Return the data below exactly, please, but drop the pictures.

= GIVEN INFORMATION =
++++++

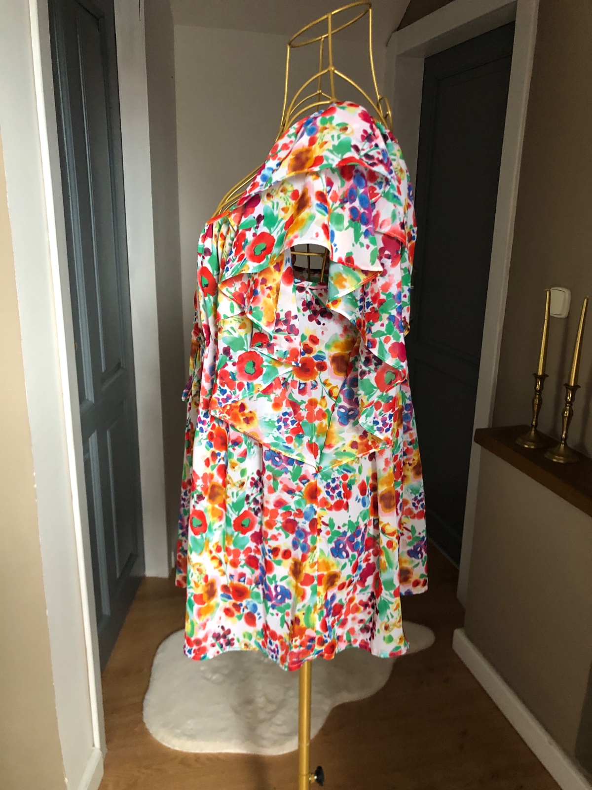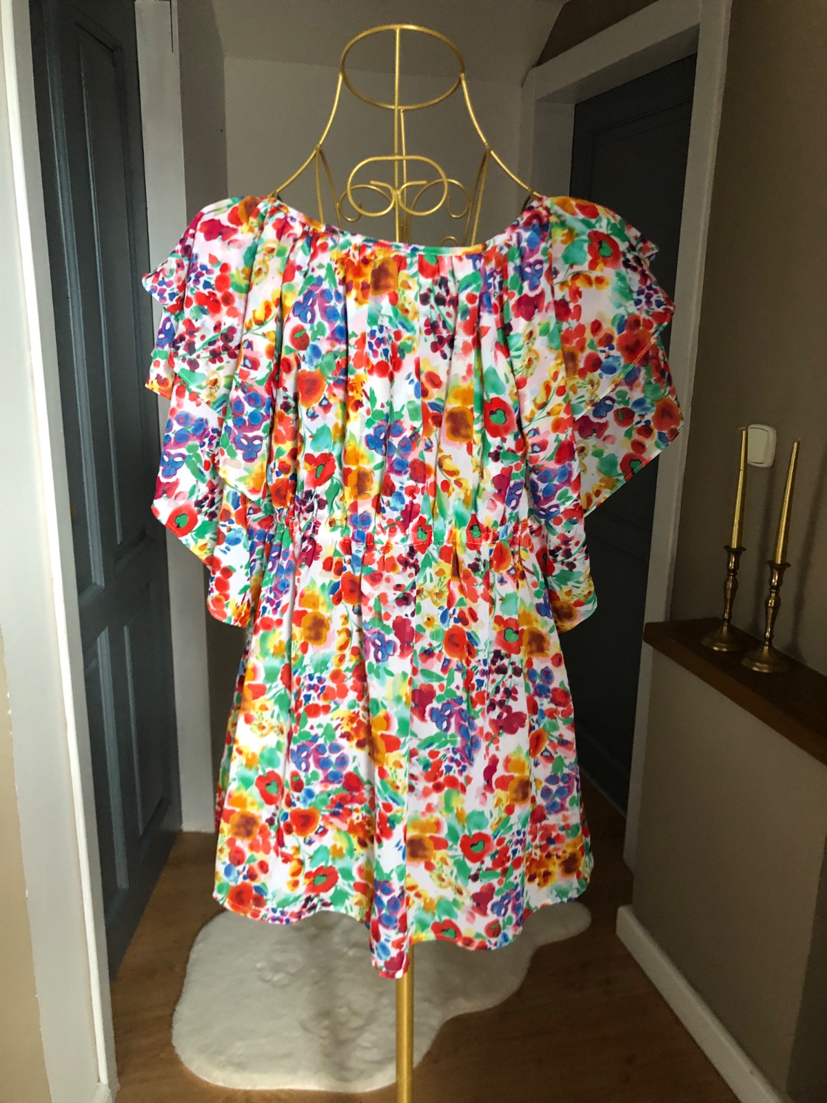 Kvalitná kvetovaná blúzka, pod prsiami šnúrka na uvazovanie, super stav.
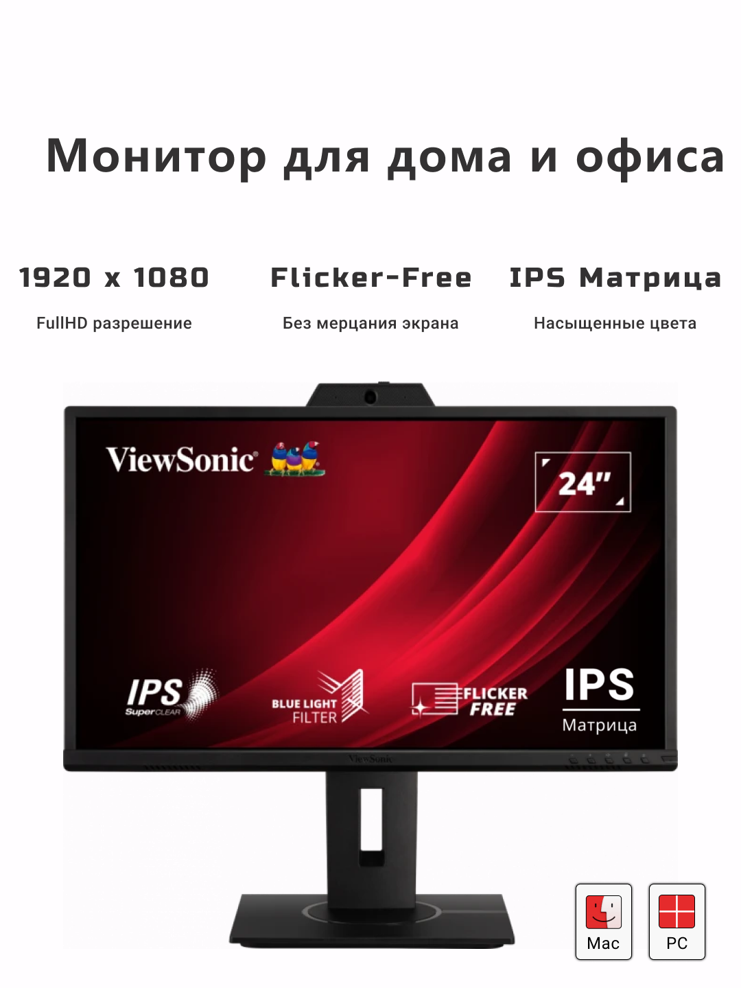 24" Монитор для дома и офиса с Web-камерой ViewSonic VG2440V IPS экран Full HD
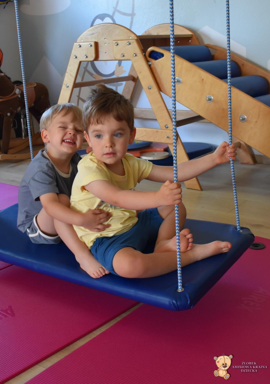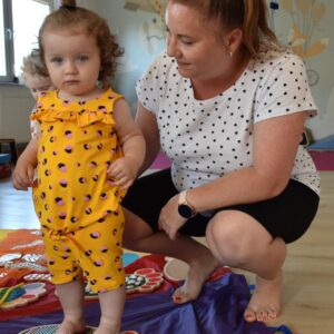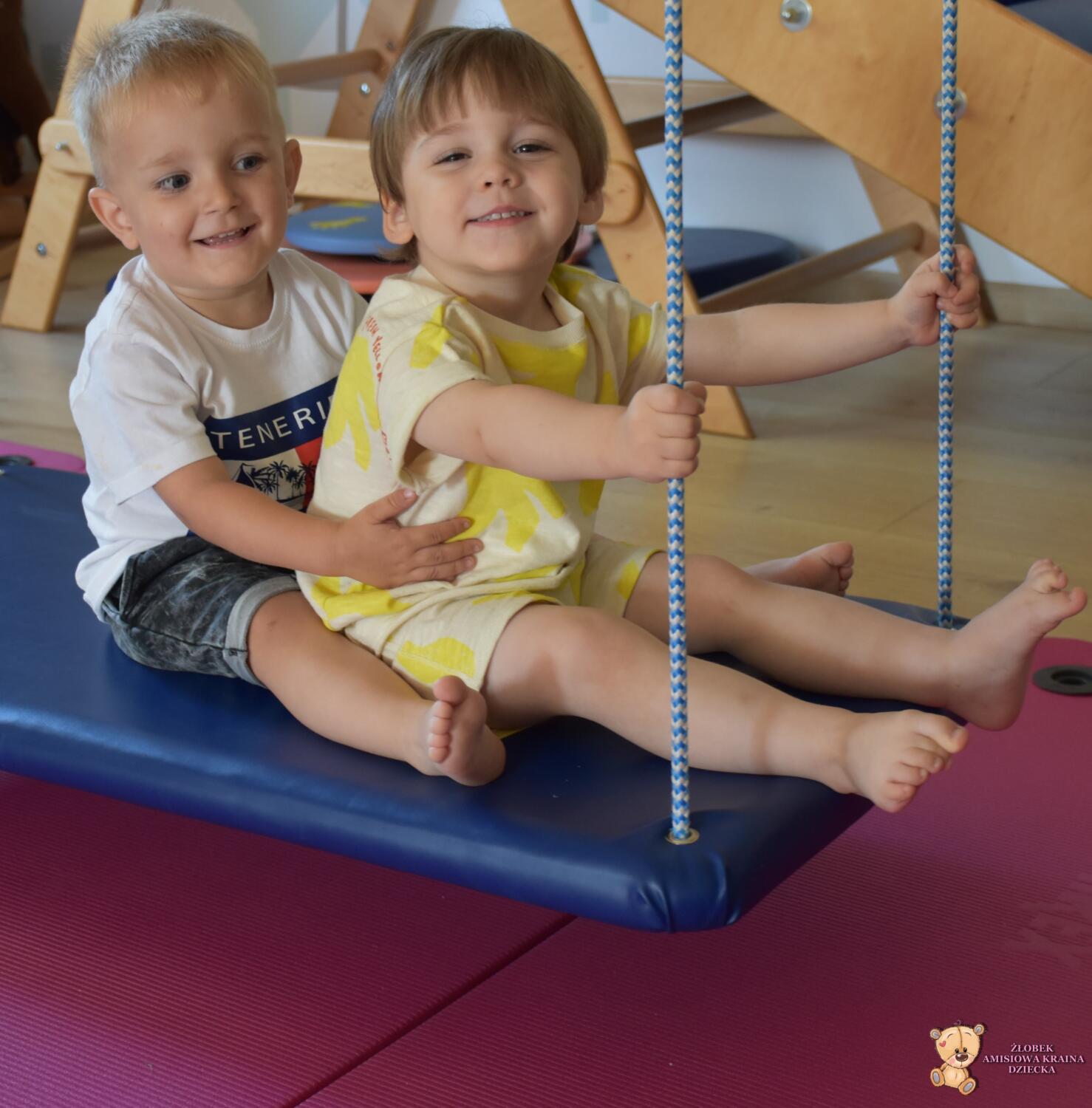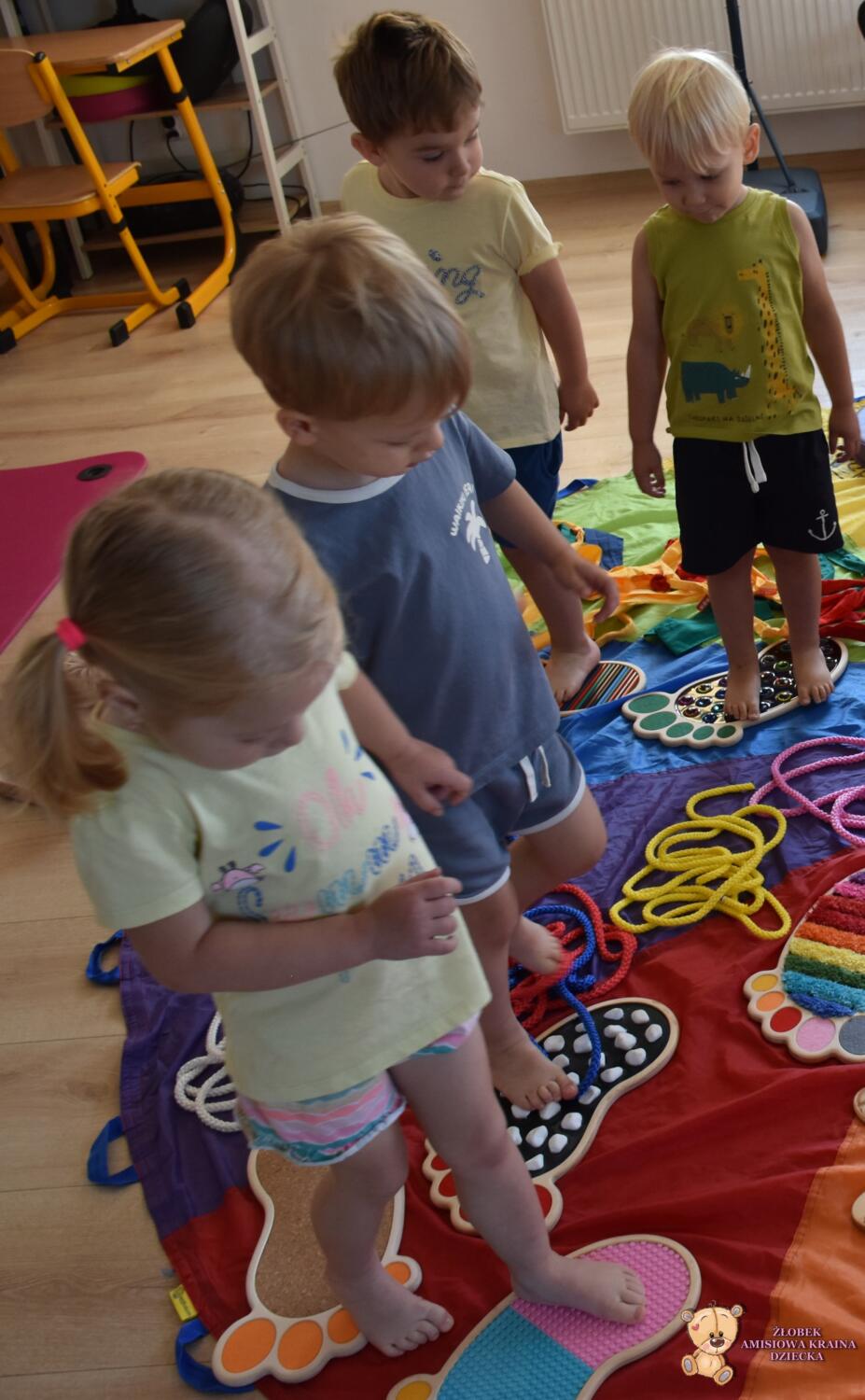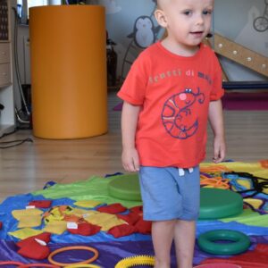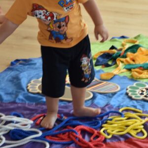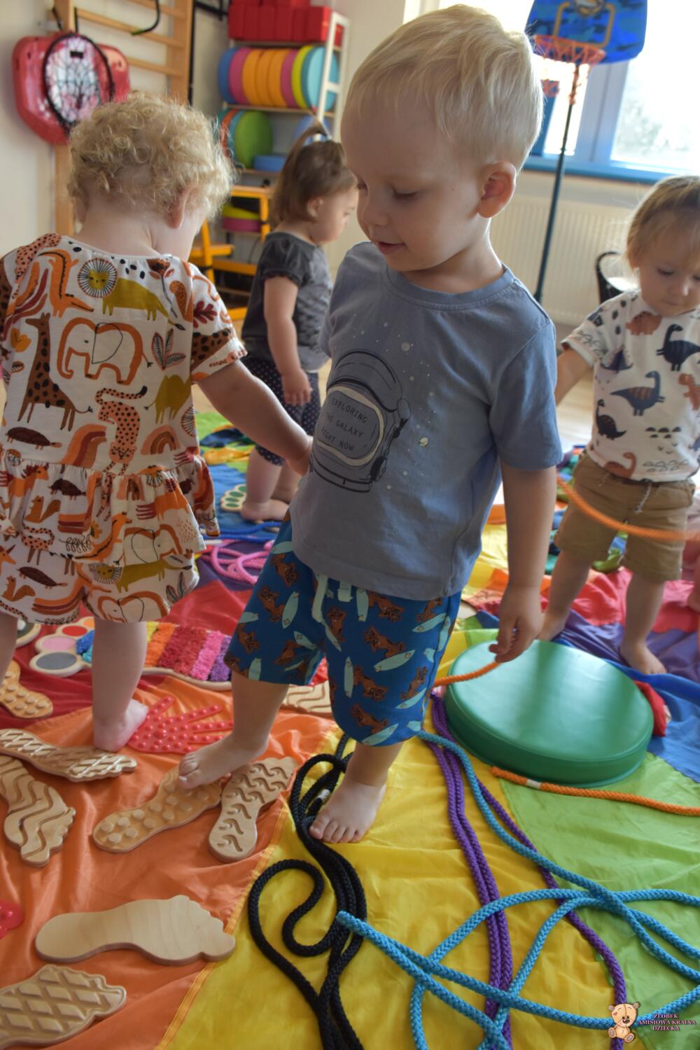 Dziś na zajęciach Integracji Sensorycznej Amisiaki stymulowały układ przedsionkowy, proprioceptynwy, dotykowy oraz rozwijały umiejętności równoważne. Na dobry początek Ciocia naszykowała pole sensoryczne, wyłożone różnorodnymi fakturami, po którym Amisiaki chodziły na boso, dotykały oraz kładły się. Następnie była zabawa w ,, sztorm na morzu „. Amisiaki huśtały się na platformie podwieszanej, musiały trzymać się mocno, gdy pojawiały się fale. Ta zabawa sprawiała Amisiakom dużą frajdę, zadowolenie oraz satysfakcję. Wspaniale!

++++++

= PROBLEM SOLUTION =
 Kvalitná kvetovaná blúzka, pod prsiami šnúrka na uvazovanie, super stav.
 24" Монитор для дома и офиса с Web-камерой ViewSonic VG2440V IPS экран Full HD
 Dziś na zajęciach Integracji Sensorycznej Amisiaki stymulowały układ przedsionkowy, proprioceptynwy, dotykowy oraz rozwijały umiejętności równoważne. Na dobry początek Ciocia naszykowała pole sensoryczne, wyłożone różnorodnymi fakturami, po którym Amisiaki chodziły na boso, dotykały oraz kładły się. Następnie była zabawa w ,, sztorm na morzu „. Amisiaki huśtały się na platformie podwieszanej, musiały trzymać się mocno, gdy pojawiały się fale. Ta zabawa sprawiała Amisiakom dużą frajdę, zadowolenie oraz satysfakcję. Wspaniale!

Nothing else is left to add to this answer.